Was ist Open Data?

Werden Badeseen mit der Zeit sauberer oder dreckiger? Wie viel Geld gibt die Regierung in deinem Bundesland für Bildung aus, und was hat das mit der Arbeitslosigkeit zu tun? Und wieso haben einige Vornamen einen schlechteren Ruf als andere?

Um interessante oder gesellschaftlich wichtige Fragen beantworten zu können, brauchst du nur zwei Dinge: Deine technischen Fähigkeiten und offene Daten.
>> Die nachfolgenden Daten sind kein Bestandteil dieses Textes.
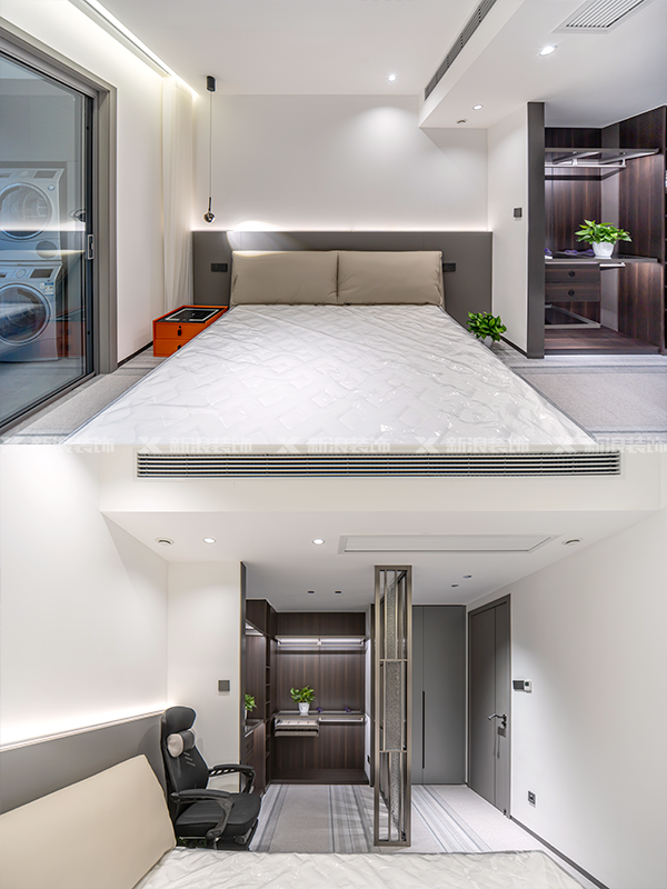 主臥做高級套間設(shè)計,木質(zhì)開放衣帽柜結(jié)合鋼架結(jié)構(gòu)開放式,更有一種打破傳統(tǒng)格式的效果

Mit offenen Daten (englisch Open Data) sind Datensätze gemeint, die vom Staat, der Regierung oder privaten Firmen kommen und die alle BürgerInnen kostenlos nutzen dürfen. Das ist eine spannende Herausforderung: Auf dem Camp werden dir eine ganze Menge solcher Datensätze zur Verfügung stehen. Julia und Stefan von der Open Knowledge Foundation Deutschland haben einmal ganz einfach erklärt, wofür offene Daten gut sind. Auch im Open Data Blog der ZEIT findet man interessante Anwendungsfälle.

Ob euer Projekt eine App wird, eine anschauliche Darstellung von Informationen, ein Hardware-Projekt oder eine andere Softwareentwicklung: Ihr dürft selbst über die Form und den Inhalt eurer Projekte entscheiden. Für alle Phasen des Wochenendes – von der Ideenfindung über die Programmierung bis zur Projektpräsentation – stehen euch erwachsene MentorInnen bei Fragen mit Rat und Tat zur Seite.

Besonders freuen wir uns über Projektideen aus den Bereichen Schule, Bildung, Freizeit oder Umwelt.